The use of BAME as a collective term for the ethnic minority population in the UK, which according to the 2011 Census was 14% at 7.85 million, effectively causes the erasure of identities. My father, a Bajan immigrant who came to London in the ‘60s, has felt this after years being subjected to ethnic categorisation in the UK. “I don’t like it. (Minorites) are lumped into one group which is unfair, as we’re not given fair chances.” The individual issues black people have faced over generations in the UK have so many times been brushed over whenever BAME is used, which I’ve seen first-hand, leaving me so frustrated.
The only time black people’s specific mistreatment in this country has been widely addressed, was during the resurgence of the Black Lives Matter movement sparked by George Floyd’s murder by police.
Simplified terms like BAME had no place in this moment, working only to suppress the discriminatory behaviour black people experience in the UK. This is significantly evident in crime rates, with 2016 reports revealing black people to be criminalised at a disproportionately higher rate than other races, with black men greater than three times more likely to be arrested than white.

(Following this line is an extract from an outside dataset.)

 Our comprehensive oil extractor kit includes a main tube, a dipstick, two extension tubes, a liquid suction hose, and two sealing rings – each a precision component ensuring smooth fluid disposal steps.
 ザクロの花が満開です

This discrimination is akin to the systematic oppression embedded in this country, trickling down to education. The student attainment gap among races is an issue university project #ClosingtheGap aims to combat, after reporting 68% of BAME students in 2017-2018 to have received a first or second-class degree compared to 81% of white students. BAME is used as an attainment measure in primary schools also.

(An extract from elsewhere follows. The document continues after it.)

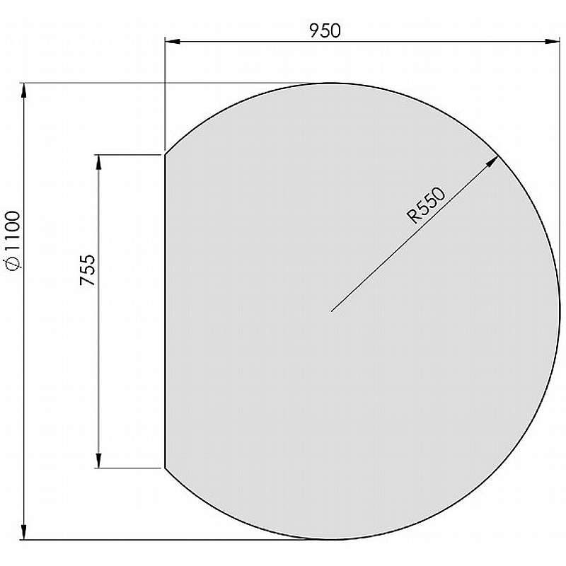 Glasgulvplade cirkel afskåret - 6mm - A:110 x B:95cm

“Staff use it to create positive outcomes for students – how effective this is, is a different story.” says primary schoolteacher Taja Essor. Working at a multicultural school in Tottenham, Essor sees first-hand how the phrase BAME is mishandled on the job, “Children of ethnic minorities aren’t reflected enough in the curriculum. BAME learners need to be more than just a buzzword that’s forgotten.” Essor also mentioned being the only black teacher in the school.
“This has been the case in 2 out of 3 schools I’ve worked.” This sounds accurate as according to 2018 reports, 86% of teachers that year were ‘White British’ and 93% headteachers, while the rest a tiny mix of ethnic minorities. Diverse change won’t occur in industries until percentages like these even out exponentially.

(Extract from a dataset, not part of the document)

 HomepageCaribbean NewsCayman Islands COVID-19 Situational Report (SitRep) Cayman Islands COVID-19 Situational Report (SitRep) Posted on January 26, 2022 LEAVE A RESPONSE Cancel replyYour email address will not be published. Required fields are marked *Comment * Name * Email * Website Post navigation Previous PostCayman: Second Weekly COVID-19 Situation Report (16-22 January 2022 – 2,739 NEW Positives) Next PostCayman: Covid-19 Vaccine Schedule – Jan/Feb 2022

It’s time for a new appointment of social measure in this country that speaks for all communities equally. BAME provides no compassion towards ethnic minorities’ experiences and certainly doesn’t speak for mine. The term masks the identities of myself and so many others, which is why I fully support the movement to dismantle BAME for good. I’m sick of being categorised under a phrase that’s done little to improve the social standing of my community thus far. While I can appreciate that BAME brings up racial disparities existing within the UK, it far from paints the whole picture.